The buckling load of a structure is the load for which an ideal structure will be disturbed

from its ideal position of equilibrium and buckle.

5.3. Euler’s Theorem

Euler’s theorem is based upon Euler-Bernoulli beam theory, which ignores the effects of

transverse shear deformation. This effect is apparent in non-slender members, and means

Euler’s is only appropriate for slender members. The definition of when the slenderness

ratio is low enough that a beam is assumed to be non-slender is demonstrated by the

graphs figure 7 and figure 8. Due to this Euler’s theorem is only valid for elastic deformation

of beams i.e. after a load is applied and the material experienced bending, the object gets

back into its original shape unless it has reached the yield stress (Hulse & Cain, 2000).

5.4. Analysis of Graphs

From the figures 4-6 it is very obvious that as the length of the strut increases the buckling

load decreases, therefore they are inversely proportional. This can also be seen in equation

V.II.IV which shows that for struts of equal cross sectional area; as the length increases the

slenderness ratio increases, and from figure 7 as the slenderness ratio increases the buckling

load decreases.
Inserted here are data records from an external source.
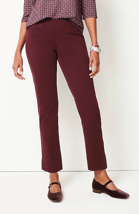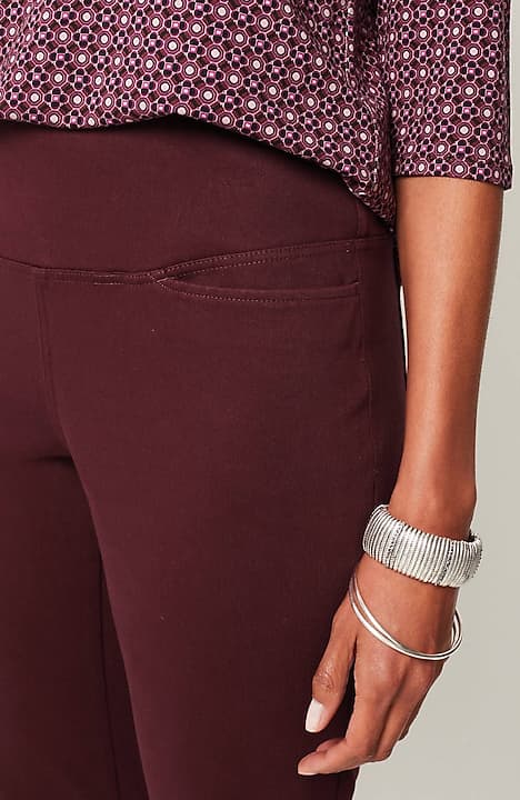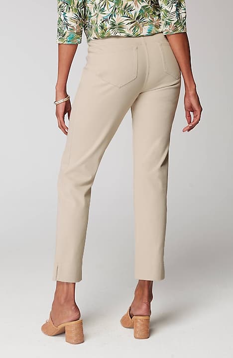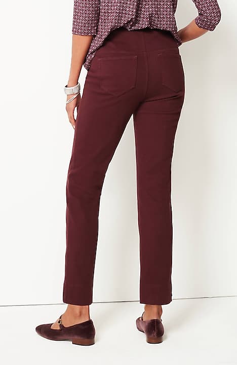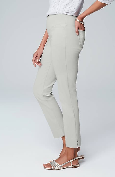 Introducing our ankle-length slim-leg jeans that are so comfortable, you won't want to take them off. The smooth-fit waistband and pull-on design will remind you of your favorite leggings, while the back patch pockets and vented hemline give them the polish of a tailored pant. Slip pockets at front.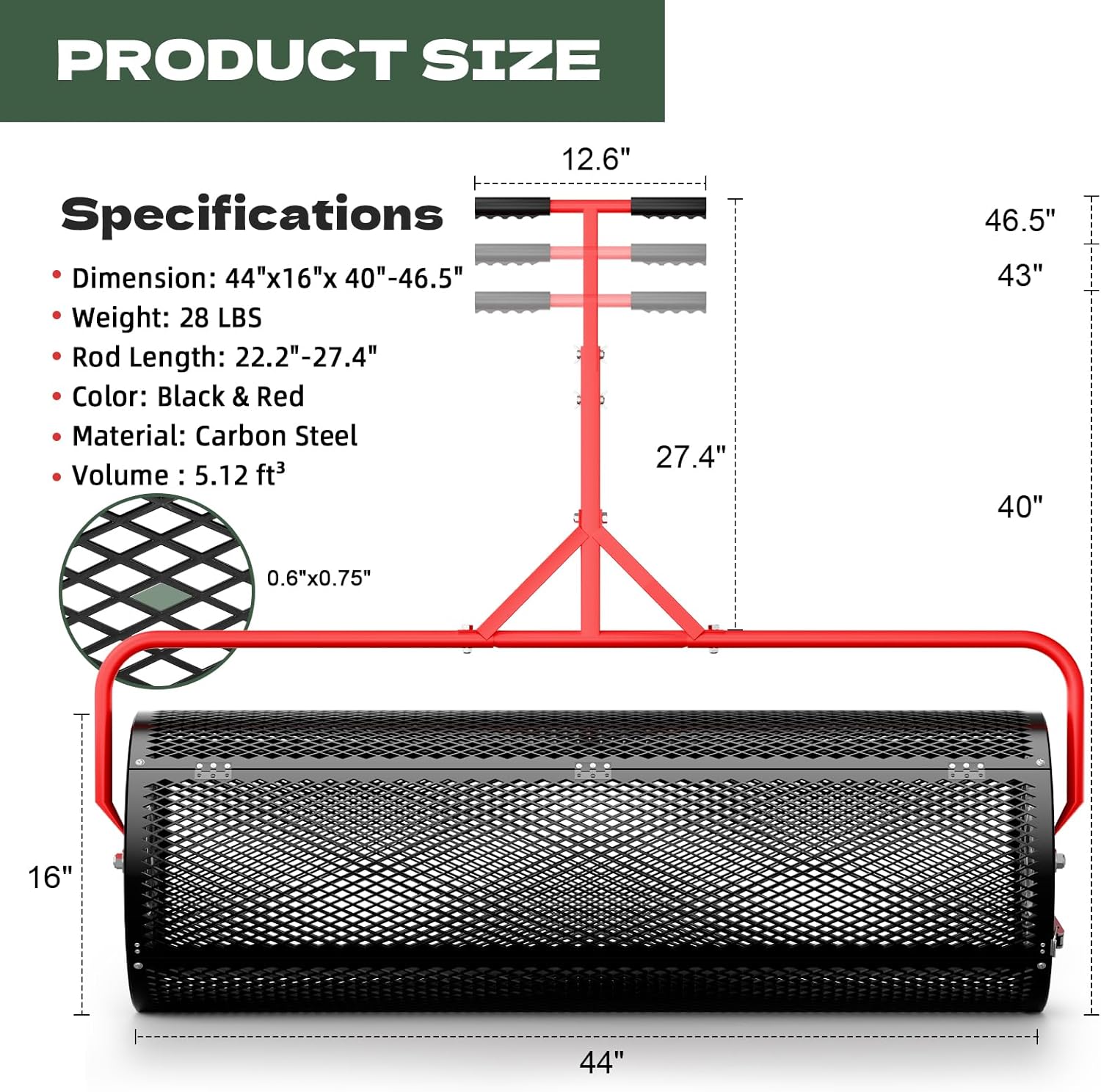 - [Thickened Diamond-Shaped Mesh] Built with a thickened diamond-shaped metal mesh, this Compost Spreader stands up to rugged use. The powder-coated steel frame adds corrosion resistance, ensuring long-term performance of your compost spreader for lawn.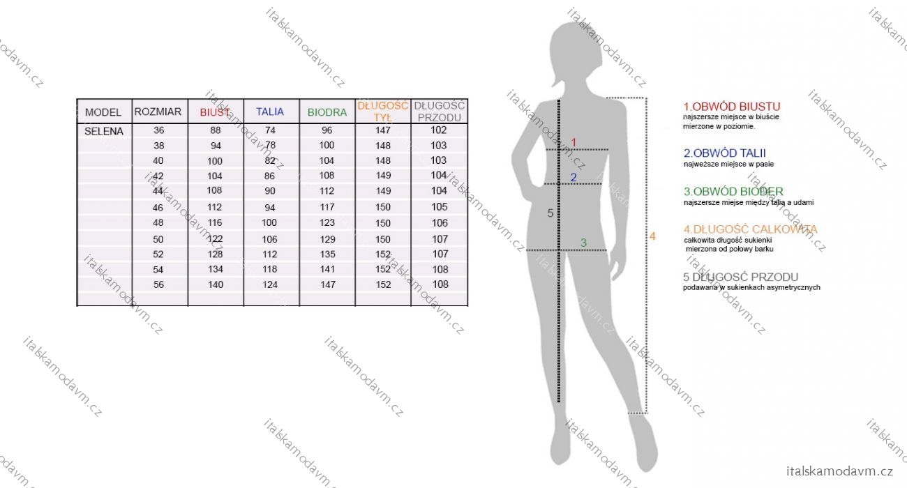veľkosť 36 - cez prsia 88-96cm, v páse 72-78cm, cez boky až 180cm, dĺžka 101-141cm.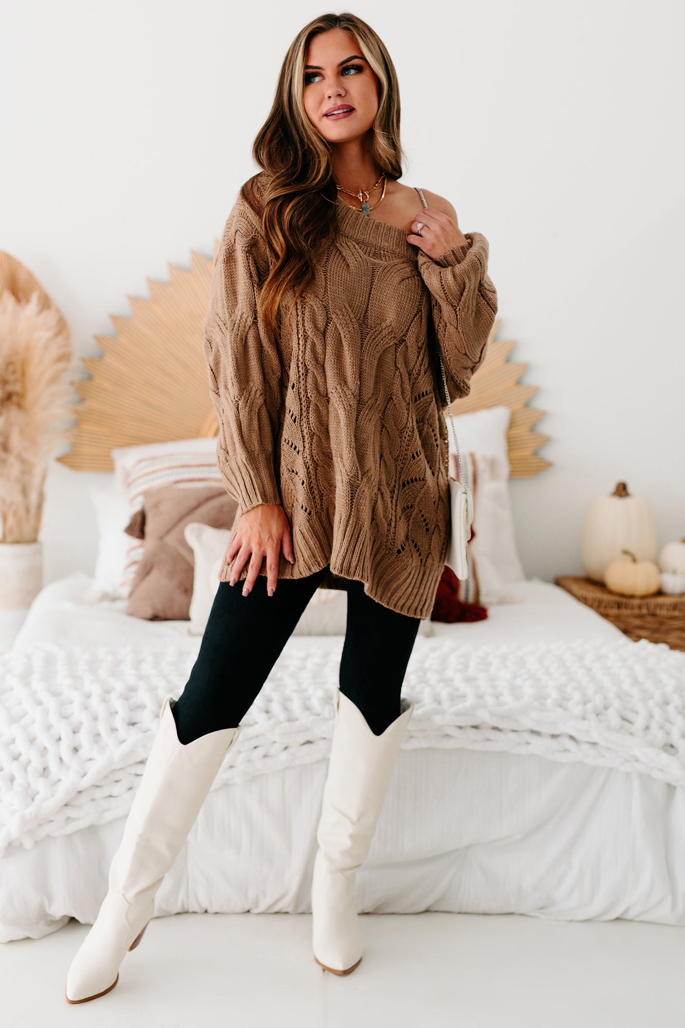 This Mocha, Cable Knit, Off The Shoulder Sweater Is Such A Closet Staple! You Know You Need This!
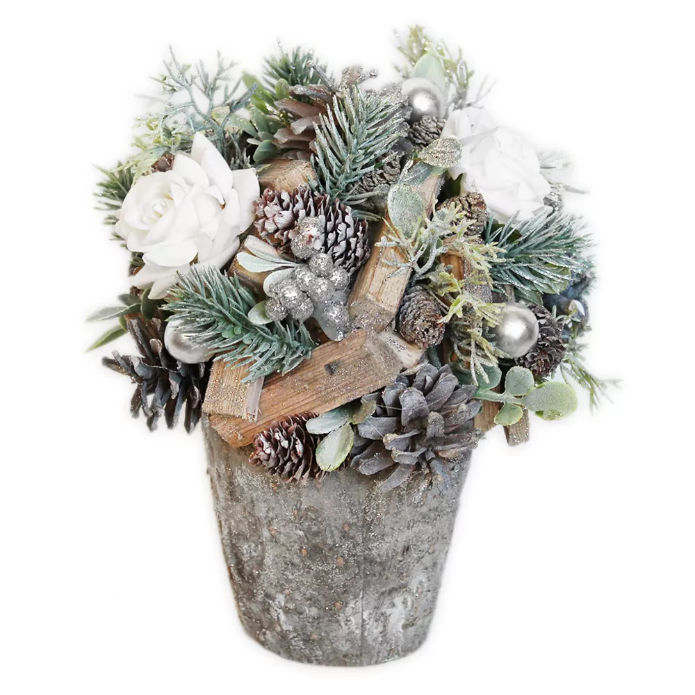 Aranžmá šišky/růže v22cm natural/bílá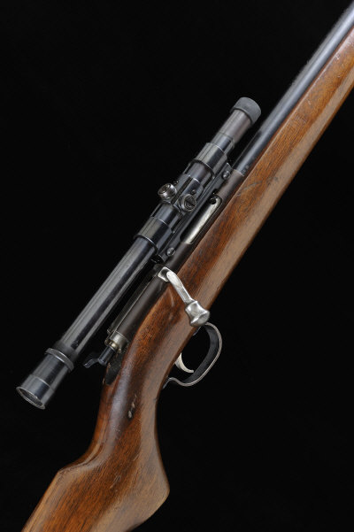 24-inch barrel, the receiver mounted with a Weaver telescopic sight, tubular magazine, the half length stock with pistol grip and maker's butt plate, 6lb. 8oz., nitro proof; together with a Winchester .22 model 77 self-loading rifle, no. 129023, of standard specification, nitro proof (2)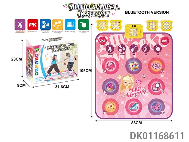 特大号多功能插卡电动灯光音乐毯跳舞毯游戏毯垫粉紫色女孩款(手机蓝牙版/8个跳舞琴键带LED板)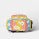 Daisy Flower Stripe Pattern Logo Corporate Printed Backpack features a striped pattern in yellow, peach, pink and blue with cute daisy flowers with your custom business logo. Perfect for corporate gifts, school, sports, gym, travel and more. Designed by ©2025 Evco Studio www.zazzle.com/store/evcostudio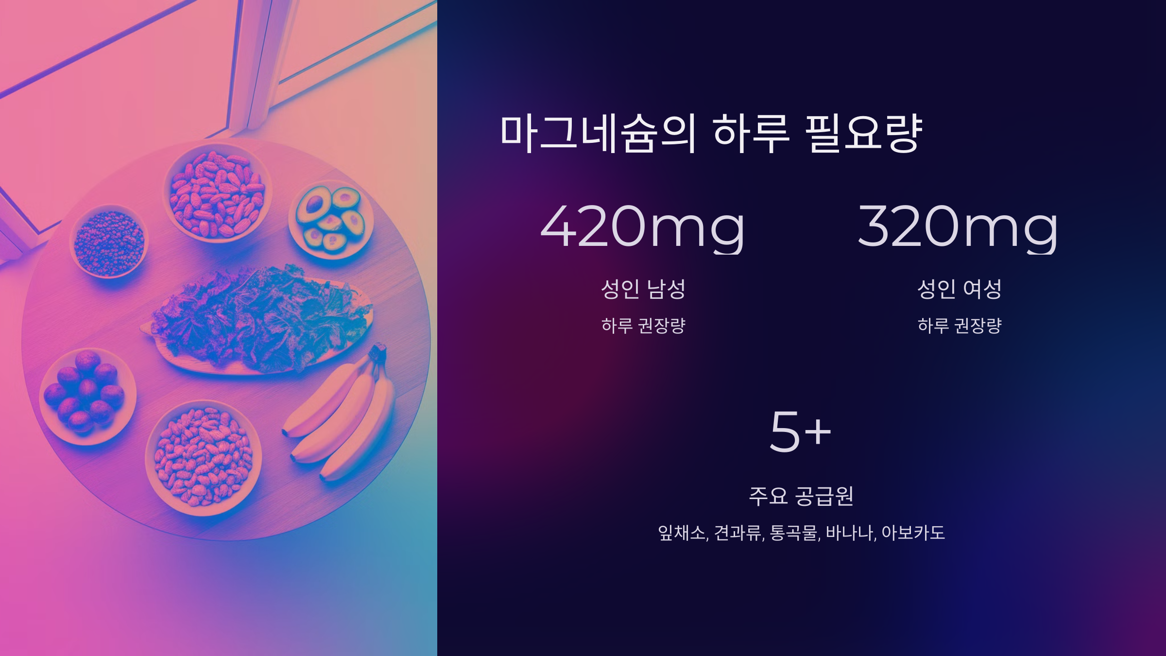 마그네슘의 권장 섭취량은 연령, 성별, 생리적 상태에 따라 달라요. 일반적으로 성인 남성은 하루 400~420mg, 여성은 310~320mg을 섭취하는 것이 좋아요. 임신 중인 여성은 필요량이 약간 증가할 수 있어요.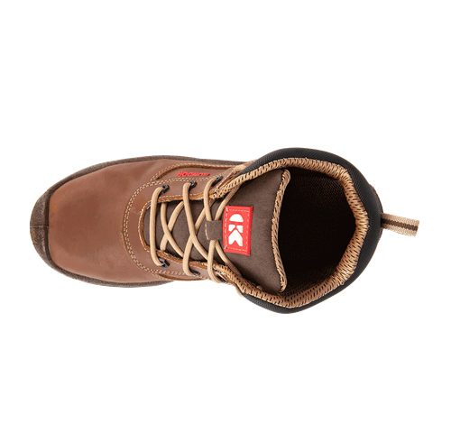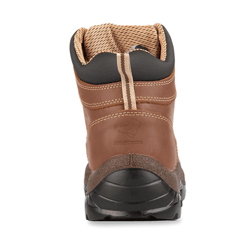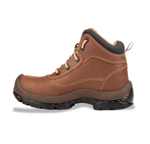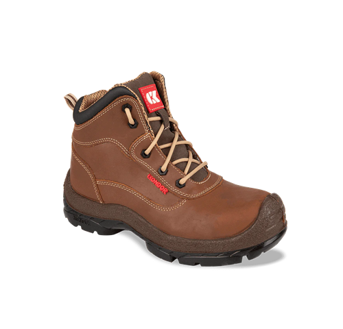Botas Kondor con capelladas en cuero, puntera en policarbonato y suela en poliuretano, tridensidad confortable y liviana.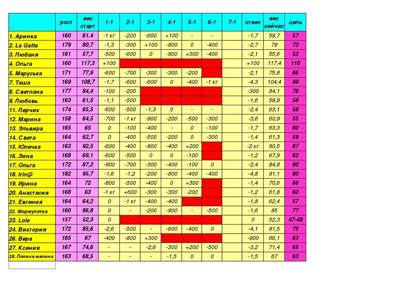 Арин, я же не с первого дня взвешивалась,когда на мех весах взвешивалась в среду было 71, 5, а на след день на электронных показало 72, получается в четверг результат потерян. в пятницу утром было 71,7, а в субботу 71,9.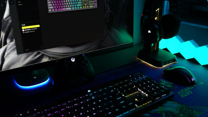 三、使用以及游戏体验:同一品牌的外设一起放在桌面上,观感上高度和谐统一,不浮夸但又充满质感,桌面立马档次飙升。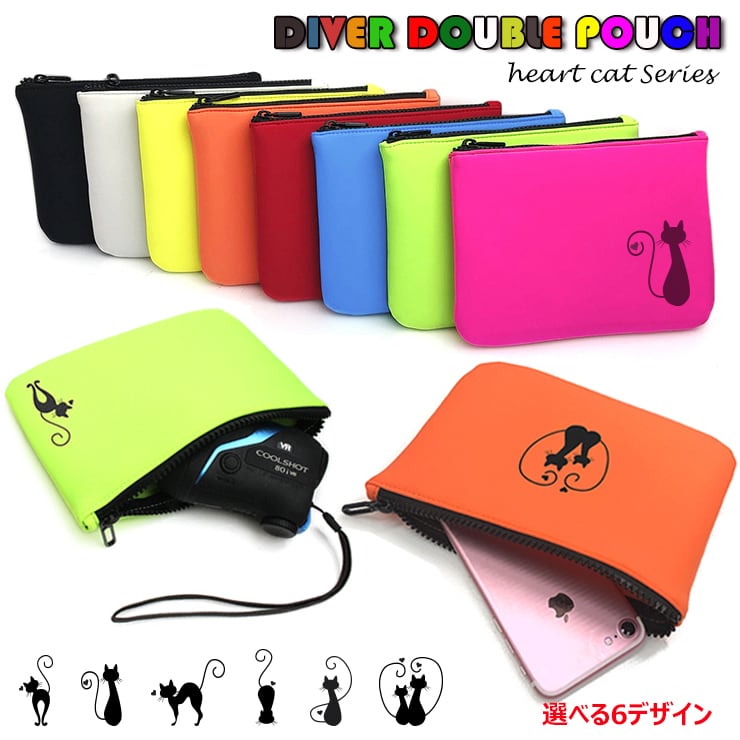HEART CAT デザイン ダイバー素材ポーチ(全8色)

It is also easy to see by comparing these graphs that the type of constraint

has a major effect on the results, with fixed ends taking the largest buckling load and the

pinned ends taking the least buckling load. From this we can deduce that it is the effective

length of the strut rather than the actual length that determines the buckling load. Two

struts of equal length will have vastly different effective lengths determined by the

boundary conditions, this is demonstrated below.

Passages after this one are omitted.